### [Instructions for the task]
Repeat the entire listing exactly. Omit all pictures.

### [Data excerpts]
"""

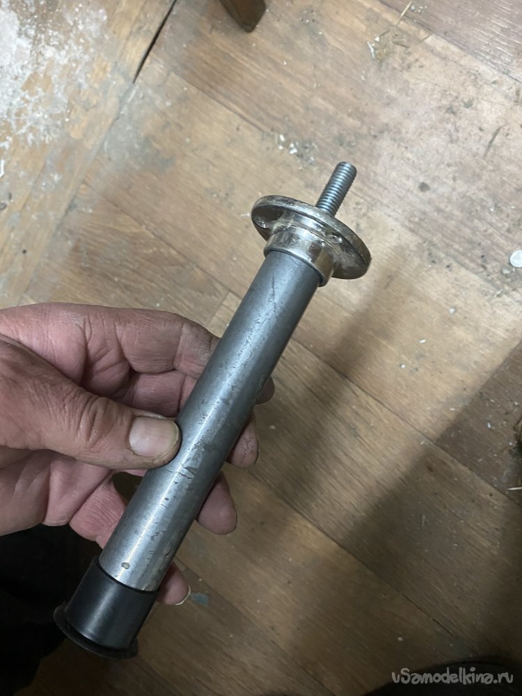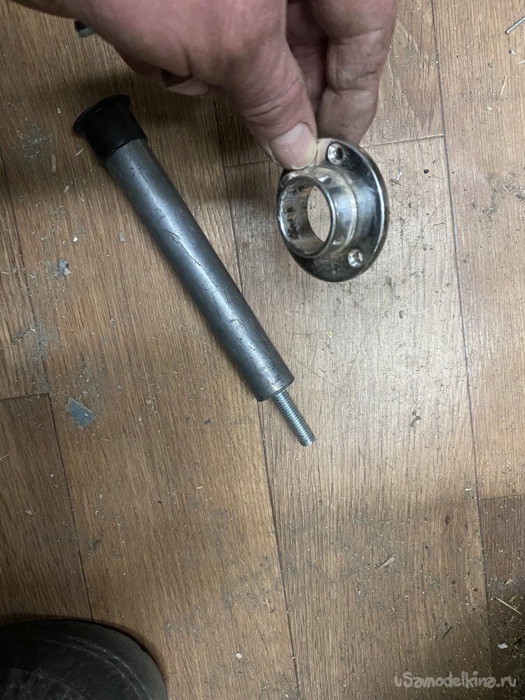 Но вот, как-то поехал сдавать металлолом, и увидел, что кто-то сдал кучу мебельных элементов. Это были стойки для витрин. Трубка, длиной тридцать пять сантиметров. С одной стороны в торце у неё отверстие с резьбой М10, с другой - фланец и торчащая шпилька, тоже с резьбой М10. Т.е., в полках витрины сверлятся отверстия, и эти стойки вставляются в них. Сверху на торчащий конец шпильки накручивается вторая стойка и процесс повторяется:
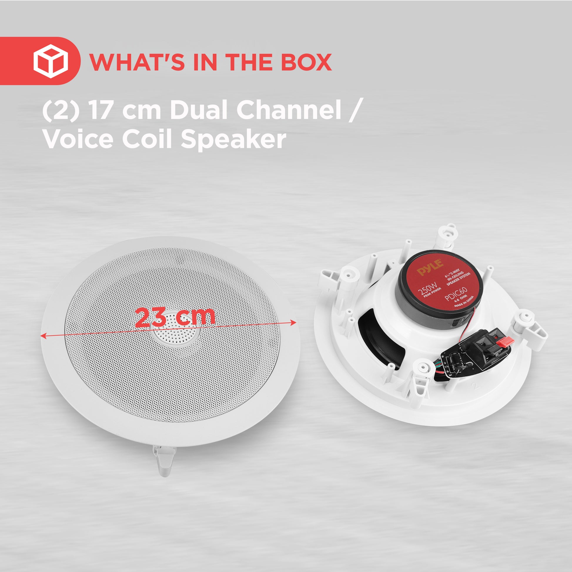 Le système d’enceintes Pyle PDIC offre un son stéréo dans n’importe quelle pièce de votre maison ou bureau sans encombrer l’espace au sol. Cette paire d’enceintes de 6,5 pouces peut être utilisée en installation murale ou au plafond, car elles s’encastrent pour un rendu épuré. Parfaites pour des installations personnalisées, les enceintes de la série PDIC sont dotées de tweeters à dôme en titane, d’une capacité de puissance impressionnante, de bobines mobiles haute température et d’un rendement élevé – tout cela pour produire un son plus riche et plus complet. Les bornes de connexion pratiques permettent un branchement rapide et sans effort des câbles d’enceintes. Le système inclut un gabarit de découpe pour une installation facile. Profitez d’une performance sonore étendue et ajoutez de l’audio dans n’importe quelle pièce avec les systèmes d’enceintes PDIC. Vendues par paire.
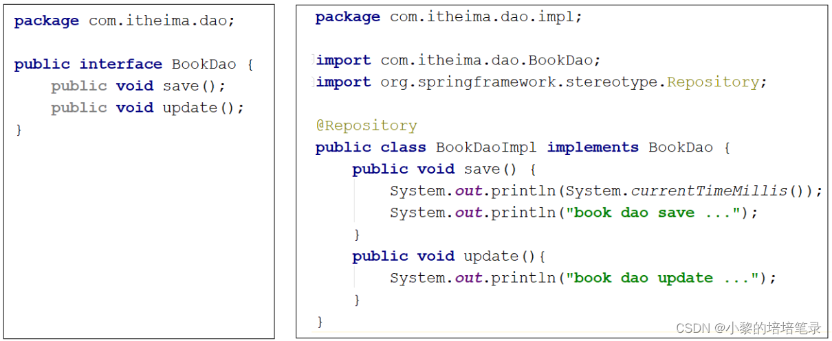 execution(void com.itheima.dao.impl.BookDaoImpl.update())因为调用接口方法的时候最终运行的还是其实现类的方法,所以上面两种描述方式都是可以的。
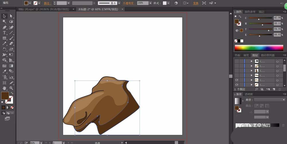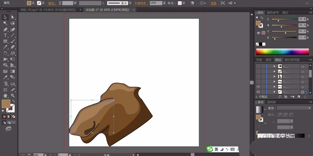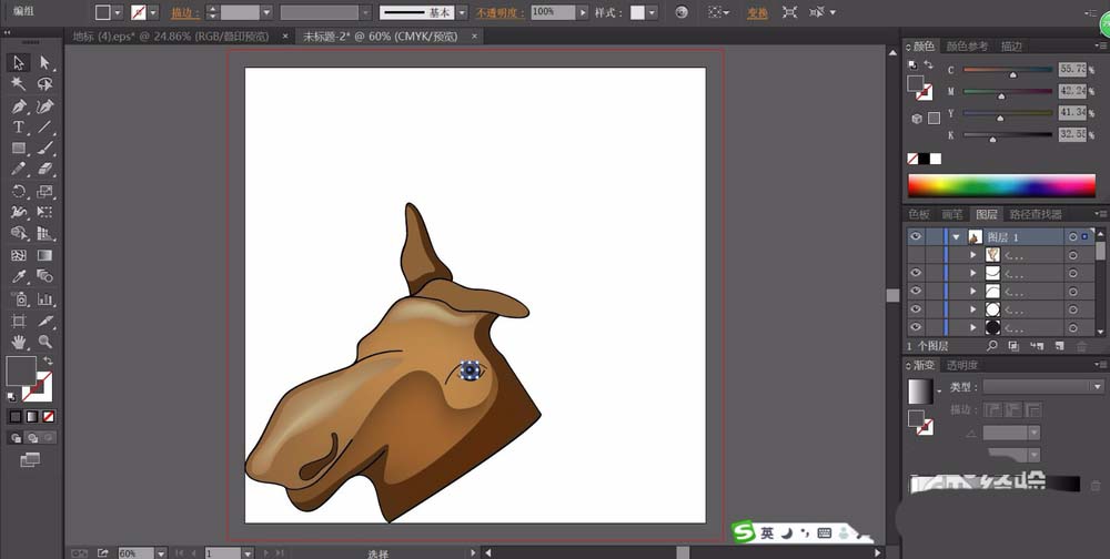 2、我们用暗棕色、棕灰色、亮棕色来搭配填充鹿头,让鹿头从上方往下色调慢慢变暗。
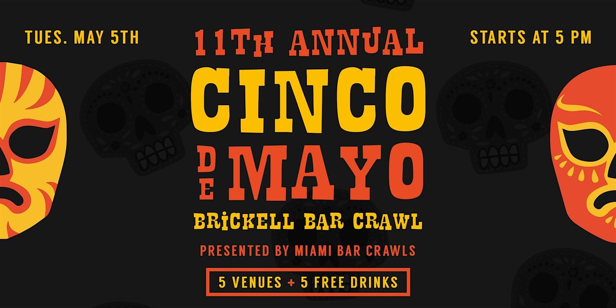 Join thousands of crawlers on Tuesday, May 5th for Miami's biggest Cinco de Mayo Bar Crawl! Crawl your way through BRICKELL and enjoy 5 FREE drinks + no cover at 5 participating bars!
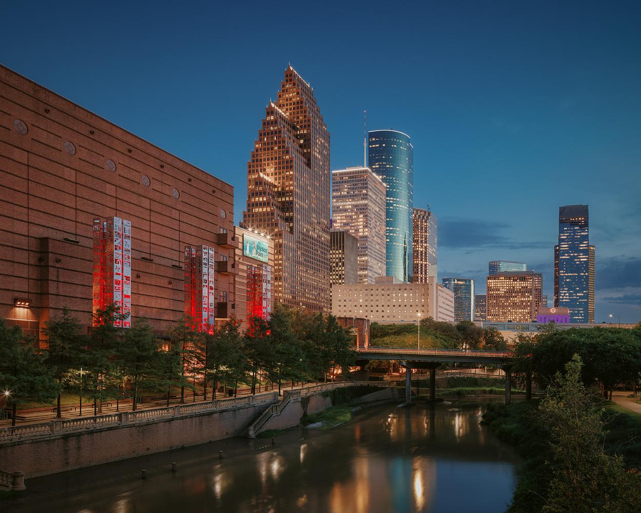 It's dusk in the city, and Buffalo Bayou reflects the lights from the towering buildings in the distance. Houston, Texas. 2023
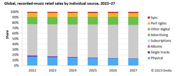 倫敦2023年6月20日 /美通社/ — 據 Omdia 發表的最新數據,全球唱片音樂零售銷售價值今年將創下新記錄,從 2022 年的 381 億美元上升至 410 億美元,增長了 7.8%。該研究服務預計年度增長將持續到 2027 年,屆時零售銷售額將達到 498 億美元。
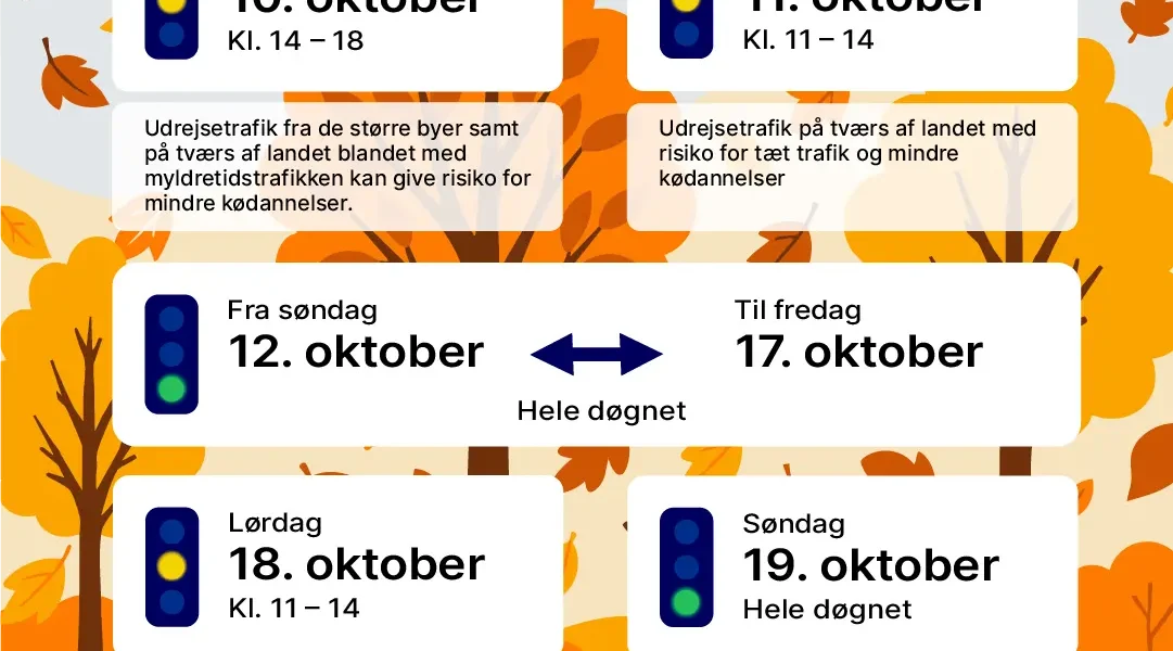 Læs mereVejdirektoratets trafikprognose for efterårsferien 2024, der starter fredag 11. oktober og slutter søndag 20. oktober.
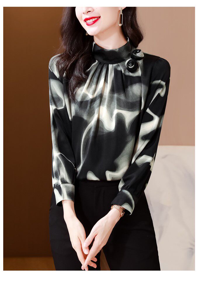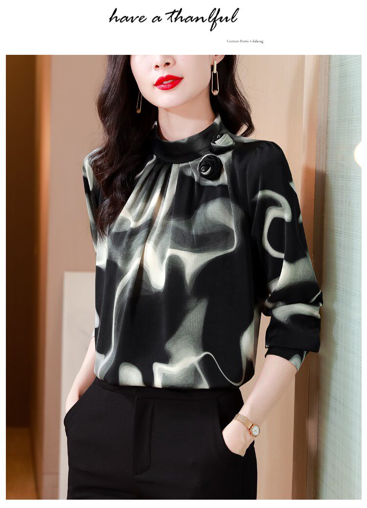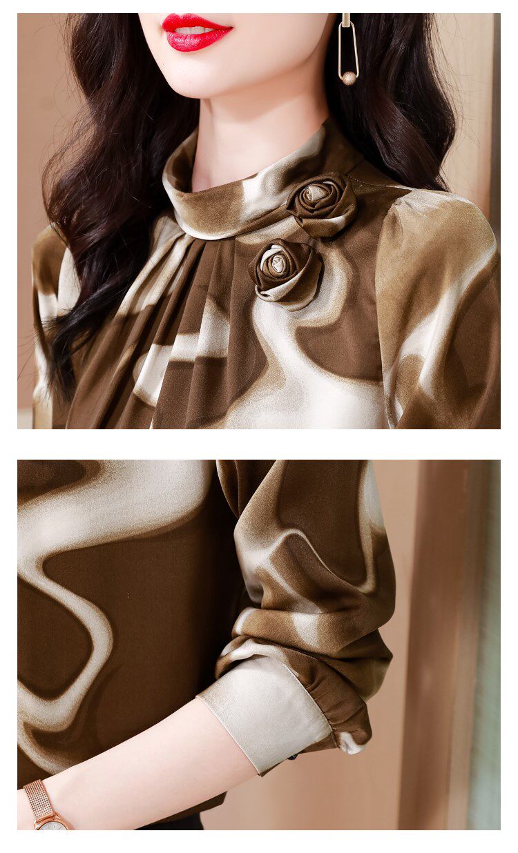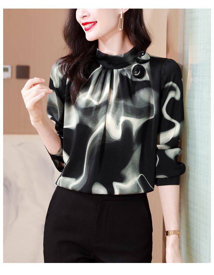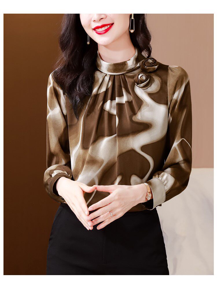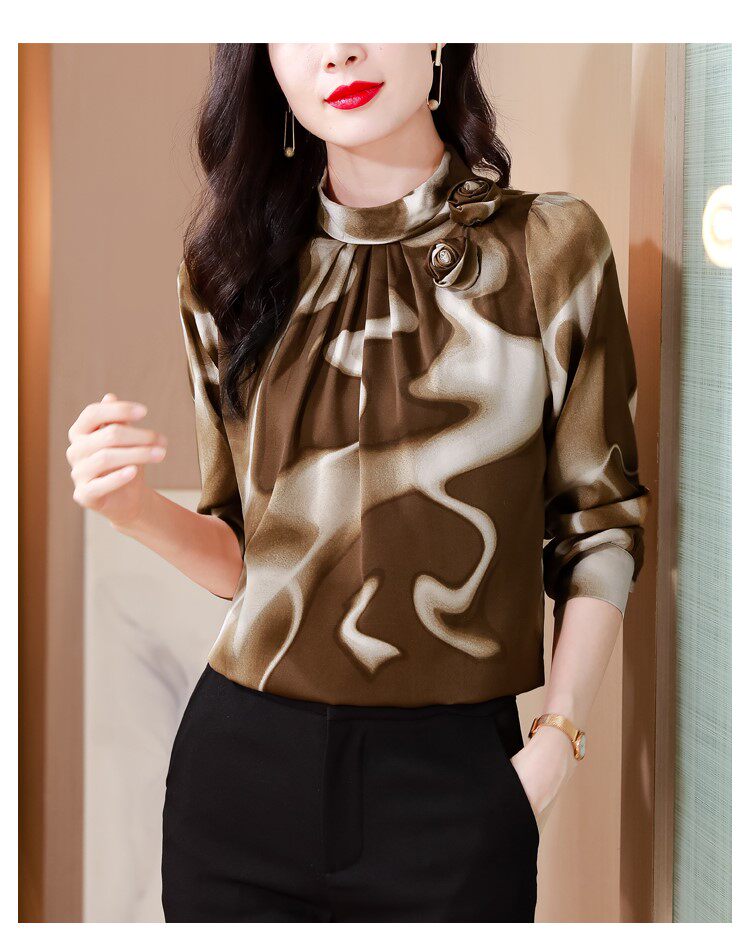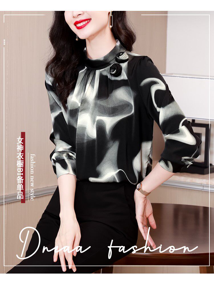 Chiffon shirt women's early spring, autumn and winter 2026 new style trendy tops, age-reducing shirts, long-sleeved shirts
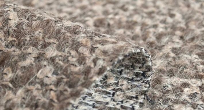 白(タテ糸)と黒(ヨコ糸)のストレートヤーンをベースに、クルっとカールした茶系のループヤーンを絡ませたウォーム感のあるテクスチャー。
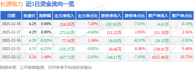 证券之星消息,截至2025年12月18日收盘,长源电力(000966)报收于4.29元,上涨0.0%,换手率0.25%,成交量8.23万手,成交额3531.85万元。
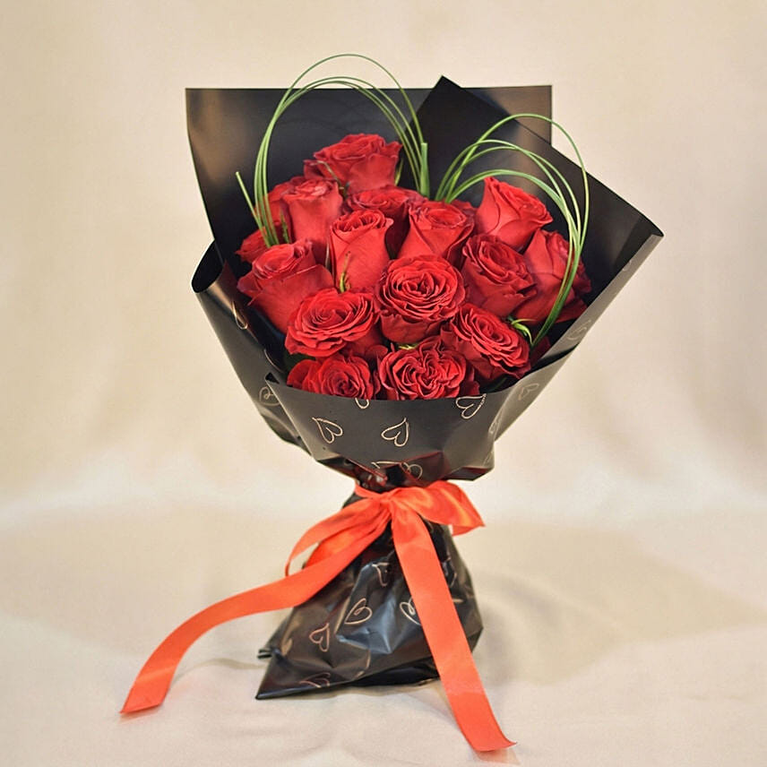 A bold and passionate bouquet of classic red roses accented with elegant steel grass, beautifully wrapped to make a timeless Valentine’s statement straight from the heart.
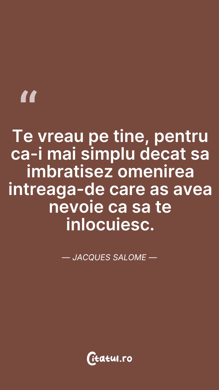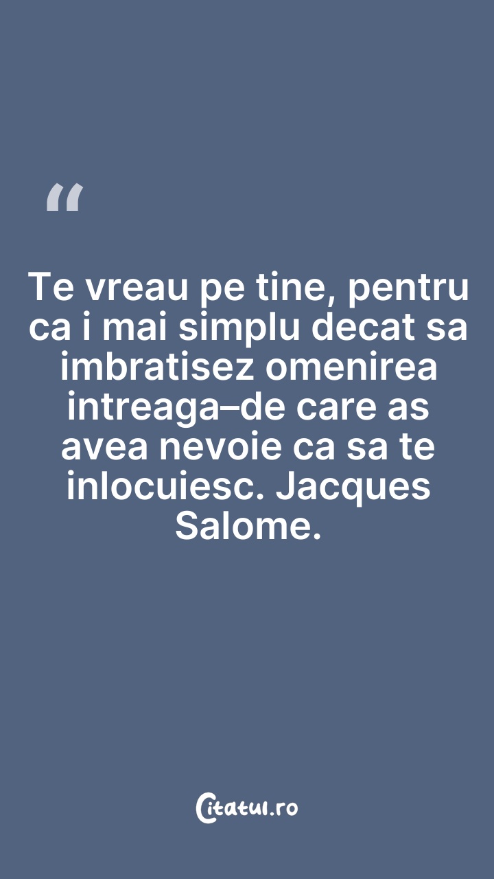 Te vreau pe tine, pentru ca-i mai simplu deca ... Citește tot citatul >
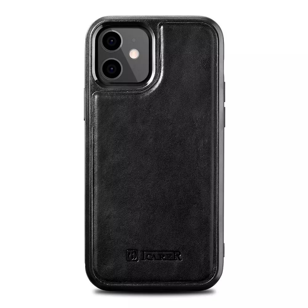 Pouzdro iCarer Leather Oil Wax potažené pravou kůží pro iPhone 12 mini černý (ALI1204-BK)
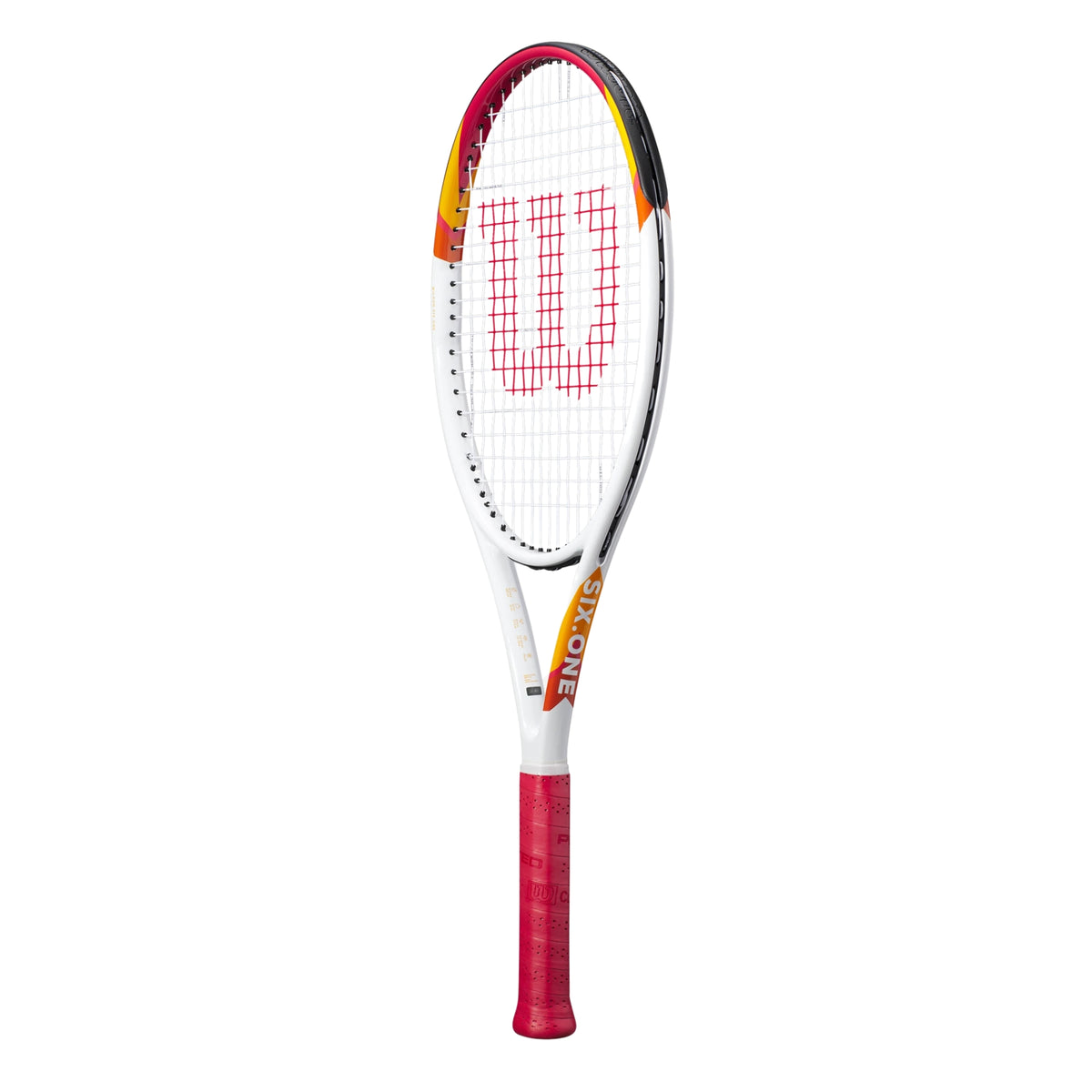 Step your game up to the next level with the Six One Tennis Racket. Another tennis racket in the Six line, it is the perfect fit for players looking for a combination of power, control, and feel. At a slightly lighter weight than the Six LV, this racket is more arm-friendly and maneuverable all while generating great pace on the ball. A more closed string pattern also allows players to get the extra spin on their shots without compromising their strokes. Comes pre-strung and with a Cushion Aire grip that provides maximum comfort while holding the racket.

"""

### [Task result]
 Но вот, как-то поехал сдавать металлолом, и увидел, что кто-то сдал кучу мебельных элементов. Это были стойки для витрин. Трубка, длиной тридцать пять сантиметров. С одной стороны в торце у неё отверстие с резьбой М10, с другой - фланец и торчащая шпилька, тоже с резьбой М10. Т.е., в полках витрины сверлятся отверстия, и эти стойки вставляются в них. Сверху на торчащий конец шпильки накручивается вторая стойка и процесс повторяется:
 Le système d’enceintes Pyle PDIC offre un son stéréo dans n’importe quelle pièce de votre maison ou bureau sans encombrer l’espace au sol. Cette paire d’enceintes de 6,5 pouces peut être utilisée en installation murale ou au plafond, car elles s’encastrent pour un rendu épuré. Parfaites pour des installations personnalisées, les enceintes de la série PDIC sont dotées de tweeters à dôme en titane, d’une capacité de puissance impressionnante, de bobines mobiles haute température et d’un rendement élevé – tout cela pour produire un son plus riche et plus complet. Les bornes de connexion pratiques permettent un branchement rapide et sans effort des câbles d’enceintes. Le système inclut un gabarit de découpe pour une installation facile. Profitez d’une performance sonore étendue et ajoutez de l’audio dans n’importe quelle pièce avec les systèmes d’enceintes PDIC. Vendues par paire.
 execution(void com.itheima.dao.impl.BookDaoImpl.update())因为调用接口方法的时候最终运行的还是其实现类的方法,所以上面两种描述方式都是可以的。
 2、我们用暗棕色、棕灰色、亮棕色来搭配填充鹿头,让鹿头从上方往下色调慢慢变暗。
 Join thousands of crawlers on Tuesday, May 5th for Miami's biggest Cinco de Mayo Bar Crawl! Crawl your way through BRICKELL and enjoy 5 FREE drinks + no cover at 5 participating bars!
 It's dusk in the city, and Buffalo Bayou reflects the lights from the towering buildings in the distance. Houston, Texas. 2023
 倫敦2023年6月20日 /美通社/ — 據 Omdia 發表的最新數據,全球唱片音樂零售銷售價值今年將創下新記錄,從 2022 年的 381 億美元上升至 410 億美元,增長了 7.8%。該研究服務預計年度增長將持續到 2027 年,屆時零售銷售額將達到 498 億美元。
 Læs mereVejdirektoratets trafikprognose for efterårsferien 2024, der starter fredag 11. oktober og slutter søndag 20. oktober.
 Chiffon shirt women's early spring, autumn and winter 2026 new style trendy tops, age-reducing shirts, long-sleeved shirts
 白(タテ糸)と黒(ヨコ糸)のストレートヤーンをベースに、クルっとカールした茶系のループヤーンを絡ませたウォーム感のあるテクスチャー。
 证券之星消息,截至2025年12月18日收盘,长源电力(000966)报收于4.29元,上涨0.0%,换手率0.25%,成交量8.23万手,成交额3531.85万元。
 A bold and passionate bouquet of classic red roses accented with elegant steel grass, beautifully wrapped to make a timeless Valentine’s statement straight from the heart.
 Te vreau pe tine, pentru ca-i mai simplu deca ... Citește tot citatul >
 Pouzdro iCarer Leather Oil Wax potažené pravou kůží pro iPhone 12 mini černý (ALI1204-BK)
 Step your game up to the next level with the Six One Tennis Racket. Another tennis racket in the Six line, it is the perfect fit for players looking for a combination of power, control, and feel. At a slightly lighter weight than the Six LV, this racket is more arm-friendly and maneuverable all while generating great pace on the ball. A more closed string pattern also allows players to get the extra spin on their shots without compromising their strokes. Comes pre-strung and with a Cushion Aire grip that provides maximum comfort while holding the racket.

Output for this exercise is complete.